Coragem, contestação e força. Essas três palavras podem dar a dimensão do que foi a 1ª Marcha das Mulheres Indígenas para quem não pôde estar neste dia 13 de agosto em Brasília, DF. Mesmo com a presença da Força Nacional, escalada pelo governo Bolsonaro com receio do poder das mulheres, cerca de três mil mulheres de 113 diferentes povos e etnias do Brasil foram às ruas da capital federal em ato que anunciou o tempo todo que a revolução das mulheres já está em curso. Uma revolução que não começou hoje, mas que, nesses últimos quatro dias de Fórum Nacional de Mulheres Indígenas, já se prenunciava e pôde ser afirmada com toda certeza. Esta semana de agosto será lembrada pelo resto da nossa história como o dia do levante das mulheres indígenas frente à colonização, o genocídio, o racismo e o descaso com os territórios.

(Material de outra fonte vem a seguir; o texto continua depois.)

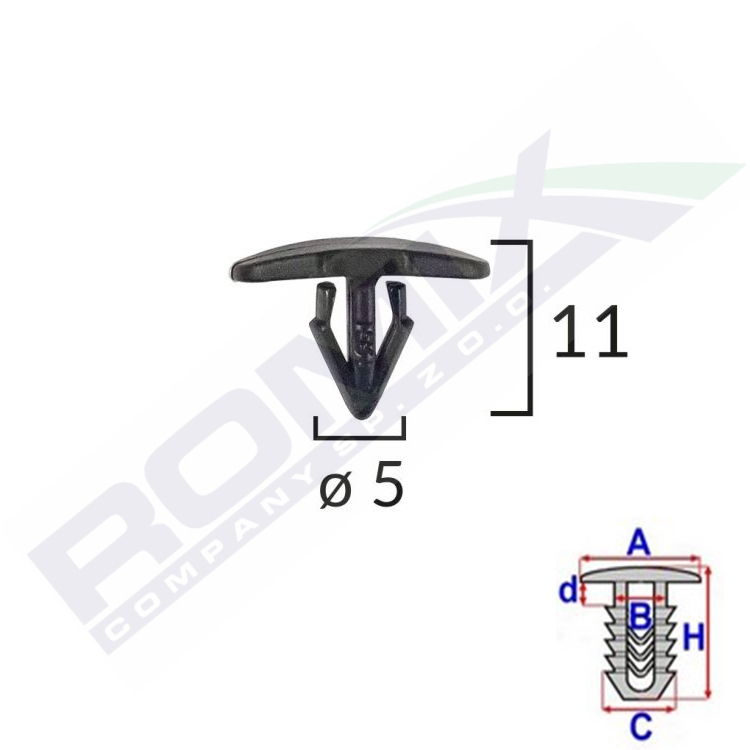 A 16x7 B 5 C 6,3 d 2,7 H 11 w otwór ø 5

Ainda na concentração, no acampamento na FUNARTE, parlamentares de partidos de esquerda compareceram para apoiar a 1ª Marcha e pontuaram a importância do movimento para a atual conjuntura do país. Para o deputado Paulo Pimenta, do Partido dos Trabalhadores (PT-RS), “as comunidades indígenas são, sim, neste momento, um alvo do interesse violento e perigoso que tem no Brasil como representante Jair Bolsonaro e este clã de milicianos bandidos que tomaram de assalto o Palácio do Planalto. Não há outro caminho que não seja o caminho da luta e da resistência. Da organização popular em defesa da soberania, em defesa da democracia, em defesa do nosso futuro”, enfatizou.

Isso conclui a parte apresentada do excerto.